Yargılamada Ustayız!
Kim olursa olsun karşımızdaki insanın ne tür bir insan olduğunu anlamadan yargılayabiliyoruz maalesef.
Çoğu zaman hatalarını anlayışla karşılarken de değerlerini övgüyle gösterebiliyoruz.
Ne kadar merhametli olursak olalım, ağzımızdan; “ah, o sıralarda affediciydim” sözü çok az çıkmıştır.
Bunun yerine “Keşke o kadar sert ve acımasız olmasaydım!” sözü dökülmüştür.
Gene, incelikle hoş görmek ve kararsızlık arasındaki farkı ayırt etmemiz gerekir.
Kararsızlık; tereddüt içinde gerekli eylemi yapamamaktır.
Hoşgörü ise; asla avarece dolaşıp durmak ya da belli bir görüşümüz olmadığından sessiz kalmak demek değildir.
Gerektiğinde kızmalı, mecbur kaldığımızda kızgınlığımızı yani azarımızı kullanmalıyız.
Ne var ki bunu yaparken gönlümüzde olumsuz şeyler olmamalıdır.

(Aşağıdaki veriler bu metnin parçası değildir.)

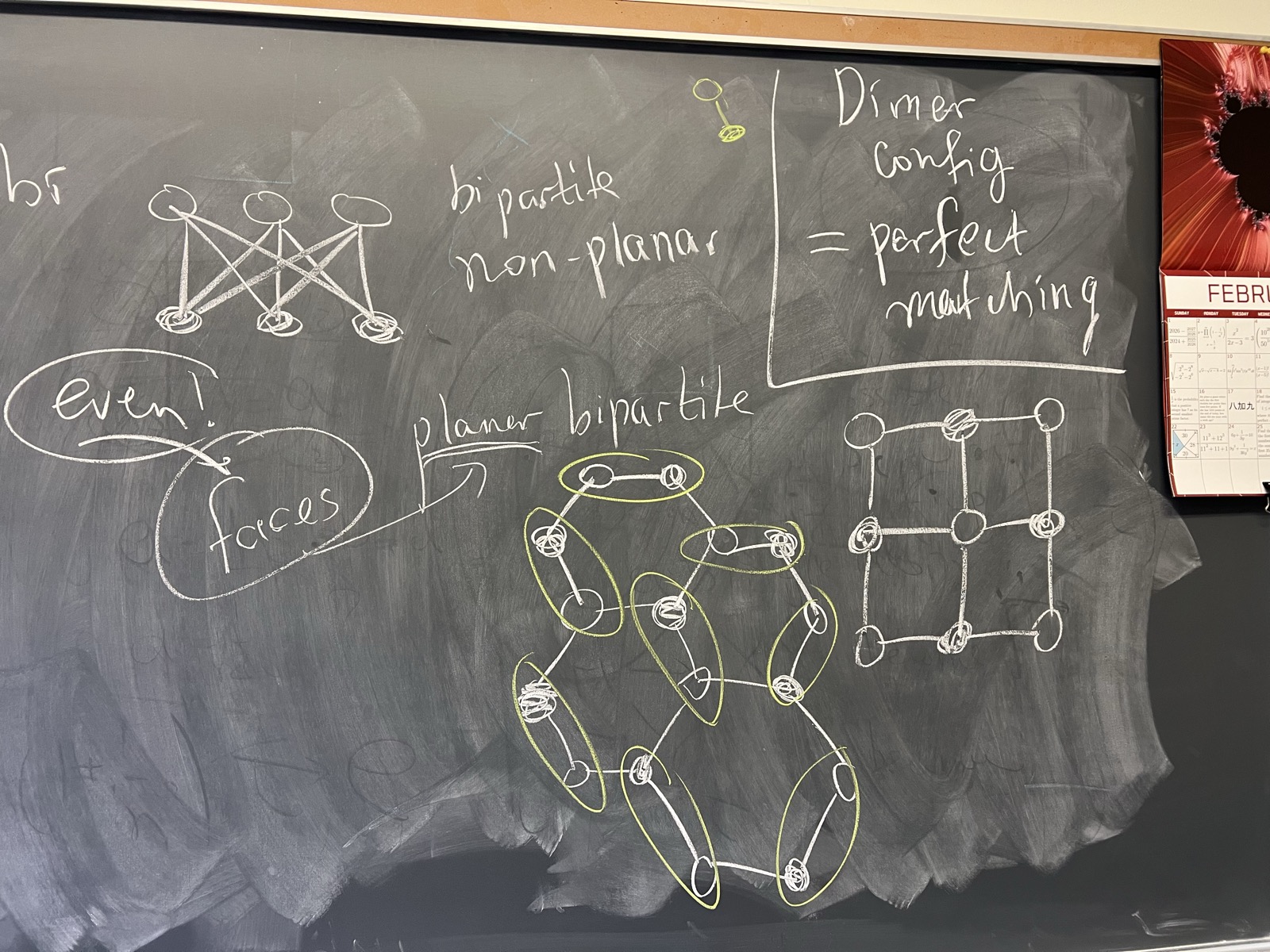 - (Feb 19) Dimers on bipartite graph (blackboard photos)

Yani şartlar gerektirdiğinde, bu ikisini kullanmalıyız. Ama bu ara asla garez duymamalı, gönlümüzde haset taşımamalıyız.
Yapmamız gereken sadece şeklen kızmak…
Eğer bunu becerebilirsek, azarlanan insan, uğradığı muameleye rağmen, üzüntü duymayacak, yanlışını görebilecektir.
Başkalarını hiçbir nedenle kınamamak, bunun yerine kendimize dönüp bakmak aldığımız dersi gönlümüze sindirmek gerekir.
İnsanların çoğu başardıkları işler ödüllenmediğinden ve yeteneklerinin fark edilmediğinden yakınırlar.
Bu onların daha başlangıçta karşılığını almak için çaba harcadıklarını ve ün kazanmak için yeteneklerini sergilediklerini gösterir. İstekleri olmayınca da kızarlar.
İnsanın çalışma nedeni işine olan sevgisinden değil de, baştan ödül ve övgü kazanmak ise, o insan henüz çıkarların kölesidir.
Hayatın güçlükleri, görev ve insanı özgürlüğünden bazı şeyler, bir başka açıdan gözlendiğinde akıl ve ruhun eğitimi için gereklidir.
İnsan hem ruh dünyasına gelse ve sadece istediği alanda ilerleyecek olsa, bu sorun değil. Ne var ki, madde dünyasının bir bireyi olarak, tecrübesi az olan insanın bu son derece karmaşık dünyada olgunlaşmasına ve başkalarına yararlı olması mümkün değildir.
Bu ara da tüm hayatımız boyunca sıkıntılar çekmek de katlanılmaz olurdu.
Hala bu tür şeyler yazıyorum ve yazılıyor.
Hayatın güçlükleri konusunda anlayış kazanma ve olgunlaşmak amacındayız tabii ki.
Amacımız belli; her zaman temel ahlaki ilkeleri gözetmek ve onlara uygun hareket etmek…
Sadece yaşamda anlam arayışı içindeyiz. İletişimimizin genelde insan olması anlamları daha bir gözler önüne seriyor.
Anlam arayışımıza yine devam edelim.